The gains in FMCG stocks came as media reports suggested that the government is looking to slash goods and services tax (GST) on select consumer products to 5%.
MCG stocks: The shares of fast-moving consumer goods (FMCG) makers such as Colgate, Britannia, Hindustan Unilever and ITC, among others, traded on a firm note on Friday in an otherwise muted Indian stock market. The gains in these FMCG stocks came as media reports suggested that the government is looking to slash goods and services tax (GST) on select consumer products to 5%.
According to a CNBC-TV 18 report, the central government has proposed lowering GST on face powder, hair oil, shampoo, toothpaste and soaps to 5%, thus driving a rise in stocks of these companies.
Colgate share price rose as much as 4% to the day's high of ₹2,357.90 on the NSE. Britannia, ITC, Dabur, Patanjali Foods, Emami and Marico emerged as other top gainers, rising between 2% and 3%.
As a result, the Nifty FMCG index jumped as much as 1.7% to 56,565 in intraday deals today. Despite the hefty stock market selloff seen in the Indian stock market this week, the FMCG index has managed to eke out a nearly 1.5% gain, suggesting underlying investor interest in the sector amid GST rationalisation hopes.
GST cuts to drive demand
According to Anand Rathi Research, the recent announcement of the proposed GST re-jig would result in the shifting of many products into lower tax slabs, reducing the tax incidence. This will drive product prices down and generally boost consumption.
It expects many FMCG products in the 12% GST tax bracket—butter, ghee, cheese, juices, ketchup, jams, noodles, and pasta namkeens, certain chips, masalas, etc.—to move to 5%, which would lead to lower prices and might drive higher volumes, the brokerage noted. Further, some essential products in the higher 18% tax bracket could also potentially move down to the lower 5% tax bracket, it added.

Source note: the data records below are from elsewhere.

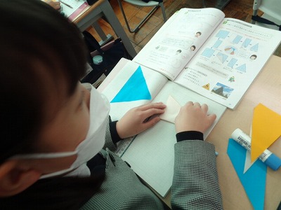 算数では、二等辺三角形や正三角形の「角」について学習しました。
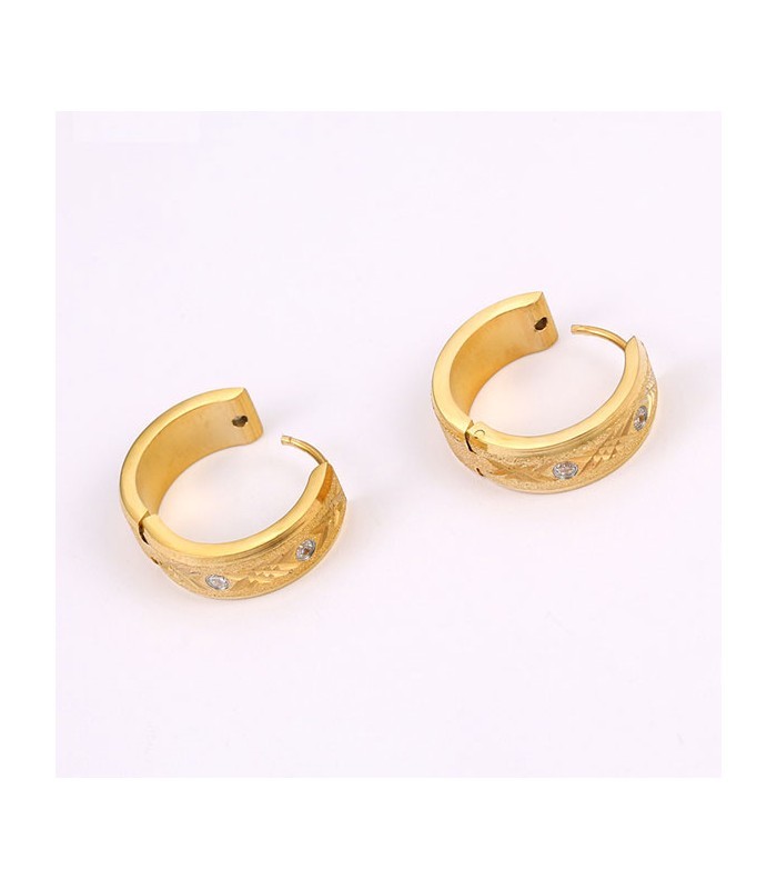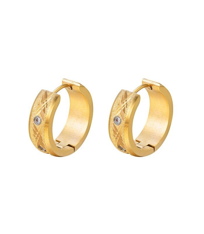 Nemesacél karika fülbevaló egyedi, vésett mintával és csillogó cirkónia kövekkel díszítve. Az ékszer csillogó-szemcsés felületű, arany bevonattal.
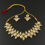 The matching earrings are designed in a floral-inspired motif, adorned with sparkling Kundan stones in round, marquise, and diamond shapes.
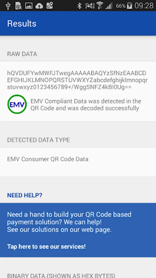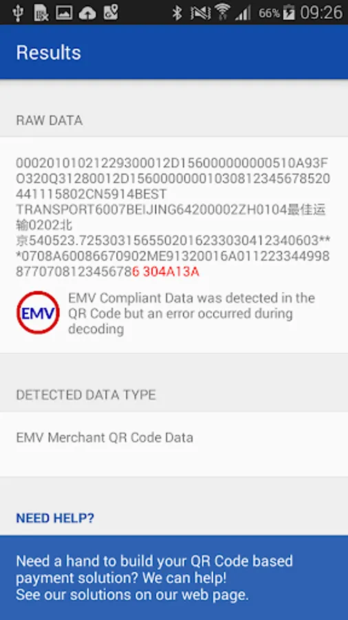 It also provides minimal support for non-EMV compliant QR Codes actions, such as opening Web Links, making phone calls, sending SMS messages, create contact cards and configure wifi settings.
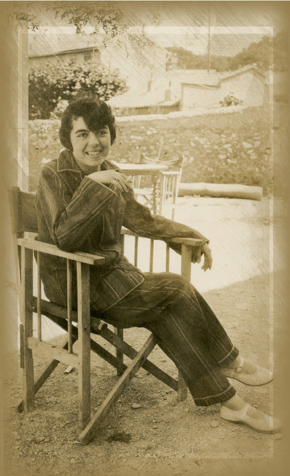 Jo (qui suit la mode) pose en pyjama en 1927, dans son jardin, rue Rigaud .
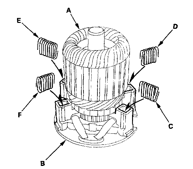 18. Squeezing a spring (C), insert it in the hole on the brush holder, and push it until it bottoms. Repeat this for the other three springs (D, E, and F).
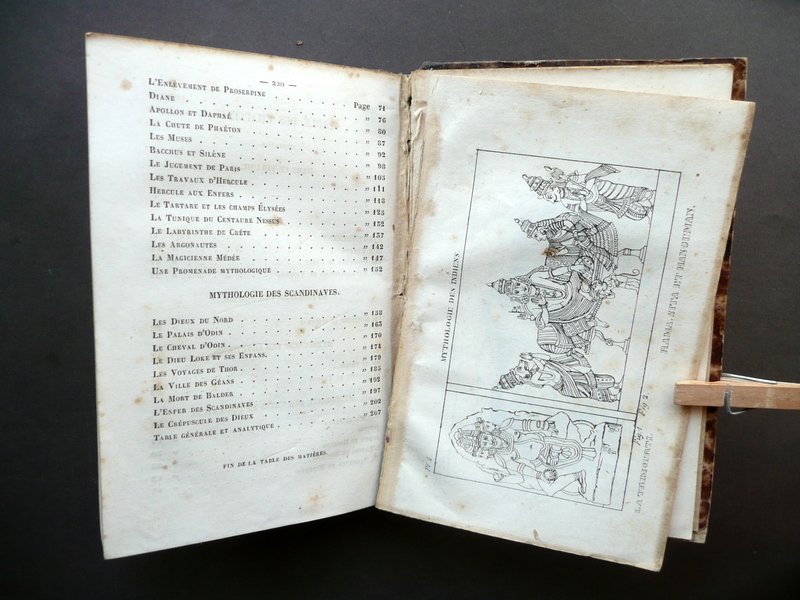M. Lamé Fleury, La Mythologie Racontée aux enfants par M. Lamé Fleury Auteur de pluisieurs ouvrages d'education Librairie d'educatione et d'istruction d'André Ubicini, Milan, s. d. (metà '800 circa); cm 15x10, pp. 220, con XIV (14) belle tavole incise in b/n al termine del testo (vedi foto); legatura d'epoca in mezza pelle con titolo annotato a mano entro etichetta applicata al dorso; piatti in carta marmorizzata. Testo in francese. Condizioni di conservazione Esemplare ben conservato con tracce d'uso; coperta con alcune piccole leggere abrasioni e strappetti, margini e angoli dei piatti con qualche circoscritta mancanza. Interni buoni con alcune piccole leggere bruniture; tavole I-VII con allentamento delle cuciture e conseguente parziale distacco dal corpo del testo (vedi foto). Prima edizione milanese (Ubicini), senza data ma di metà Ottocento circa, contenente 14 belle tavole incise in bianco e nero al termine del testo. SETT124.L12047 N P
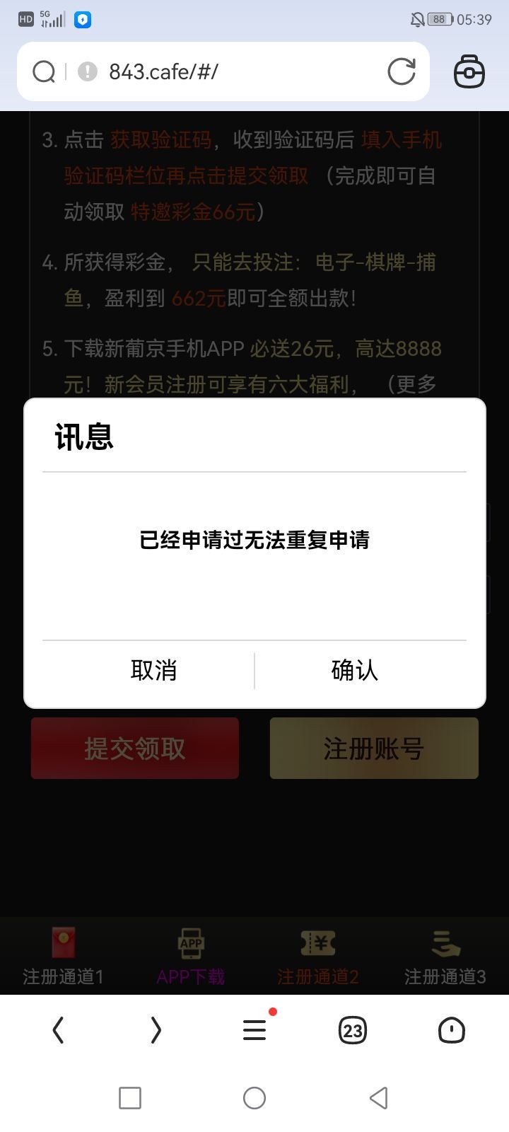 刚刚接到电话领了66,应该是重置了我之前领过好几次,地址http://843.cafe/#/

Earnings for FMCG companies improve
GST booster aligns with earnings recovery, which bodes well for FMCG companies.
In Anand Rathi's analysis, the Q1 revenue of 12 FMCG companies (excluding ITC) grew 7%, up from 6% in the prior quarter and ~5% in FY25. Most FMCG management commentaries, though, were optimistic about better revenue trajectories, aided by rural demand outpacing urban, distribution expansion and/or launches. They expect urban demand to improve, more so from Q2 or H2 FY26.
The brokerage now expects revenues of the FMCG companies it covers to gradually recover to 9% in FY26, led by volume growth.
With most FMCG stocks having risen 5-20% over the past six months, the brokerage believes valuations have now aligned fairly with past averages, and returns will be linked to earnings.